Au sein du Centre de commerce international (ITC), dirigé par Arancha Gonzáles, José Prunello est responsable d’un département qui travaille exclusivement au renforcement des organismes chargés de la promotion des exportations économiques des pays ou des régions les moins développés.
Ce travail de l’ombre mené à Genève conduit son équipe à se déplacer aux quatre coins de la
planète. L’ITC apporte ainsi des conseils et une assistance très
concrète et très pratique aux économies émergentes en les aidant à consolider et à structurer leur tissu de PME. Une démarche qui ne relève pas de l’assistanat mais d’une véritable ambition de voir tous les pays accéder aux marchés mondialisés. «Nous ne faisons pas de la charité. Nous aidons des organisations à optimiser leur propre capacité de travail. On ne pêche pas le poisson, on les aide à tenir la canne», résume José Prunello.
Impact important
«C’est une activité qui a un impact très important. Des études ont montré leur effet démultiplicateur», explique-t-il. En 2014, les équipes de l’ITC sont intervenues dans douze pays: au Bangladesh, au Bénin, au Burkina Faso, à l’île Maurice, au Maroc, au Sri Lanka, en Zambie, au Zimbabwe et dansplusieurs pays de la région des Caraïbes.

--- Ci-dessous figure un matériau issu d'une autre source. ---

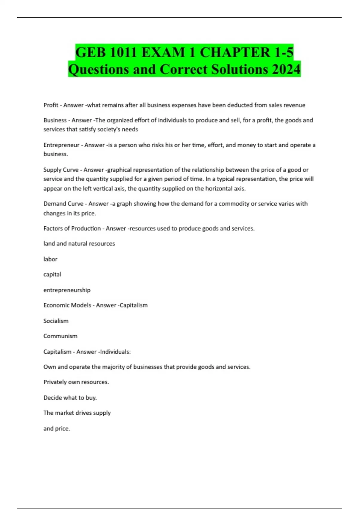 GEB 1011 EXAM 1 CHAPTER 1-5 Questions and Correct Solutions 2024 Profit - Answer -what remains after all business expenses have been deducted from sales revenue Business - Answer -The organized effort of individuals to produce and sell, for a profit, the goods and services that satisfy society's needs Entrepreneur - Answer -is a person who risks his or her time, effort, and money to start and operate a business. Supply Curve - Answer -graphical representation of the relationship between the price of a good or service and the quantity supplied for a given period of time. In a typical representation, the price will appear on the left vertical axis, the quantity supplied on the horizontal axis. Demand Curve - Answer -a graph showing how the demand for a commodity or service varies with changes in its price. Factors of Production - Answer -resources used to produce goods and services. land and natural resources labor capital entrepreneurship Economic Models - Answer -Capitalism Socialism Communism Capitalism - Answer -Individuals: Own and operate the majority of businesses that provide goods and services. Privately own resources. Decide what to buy. The market drives supply and price.

Sur place, ils ont prodigué leurs conseils et partagé leur expertise pour rendre les structures d’appui aux exportations de développement économique plus efficientes. Et ça marche! L’agence Procomer du Costa Rica a reçu un prix l’an passé pour son dynamisme et sa performance.
En cinq ans, l’ITC a ainsi apporté son soutien et son expertise à près de 50 agences à travers le monde. La recette est toujours la même et la méthode est éprouvée. L’ITC procède d’abord à ce qui s’apparente à un audit pour aider les structures consultées à bâtir une stratégie de développement cohérente et pertinente. «Ils nous ont aidés à identifier nos points forts mais aussi à identifier les domaines dans lesquels nous pouvions nous améliorer pour rejoindre les standards internationaux», témoigne Pamela Coke-Hamilton, directrice de la Caribbean Export Development Agency.
Plate-forme d’échanges
«Nous ne faisons rien d’autre que leur donner une feuille de route», insiste José Prunello. Si ce département de l’ITC ne traite pas directement avec les PME, c’est qu’il préfère agir à une plus grande échelle, en créant des conditions favorables à l’investissement. Ce souci de trouver des effets démultiplicateurs explique aussi pourquoi José Prunello et son équipe travaillent en étroite collaboration avec l’Organisation mondiale du commerce (OMC) et la Conférence des NationsUnies sur le commerce et le développement (Cnuced). «Nous fonctionnons aussi comme une plate-forme d’échanges», rappelle-t-il.
Tous les deux ans, l’ITC organise une grande conférence internationale qui réunit tous les organismes qui font de la promotion commerciale. Thème de la dernière rencontre organisée à Dubaï: l’investissement et le commerce. Pour entrer de plain-pied dans la compétition mondiale, les pays et les régions en développement doivent aussi gagner la confiance des investisseurs. «C’est pour cela que nous devons leur montrer quelle est la meilleure façon de travailler», explique José Prunello. L’ITC a aidé, par exemple, à la mise en valeur du potentiel de création des tisseuses péruviennes pour que leurs produits accèdent à de nouveaux marchés et produisent des revenus plus rémunérateurs.
José Prunello insiste sur la nécessité de «transparence»: «Si nous voulons stimuler les logiques vertueuses qui conduisent au progrès et au développement, les organisations comme la nôtre sont astreintes à un devoir de rigueur dans la gestion de leur propre mission.»» La manière dont nous mesurons nos résultats peut paraître parfois très technocratique mais c’est justement notre façon de rendre le travail de chacun plus efficace dans l’intérêt de tous», explique-t-il. Jusque-là, cette méthode a produit des résultats qui placent l’ITC parmi les organisations les mieux notées.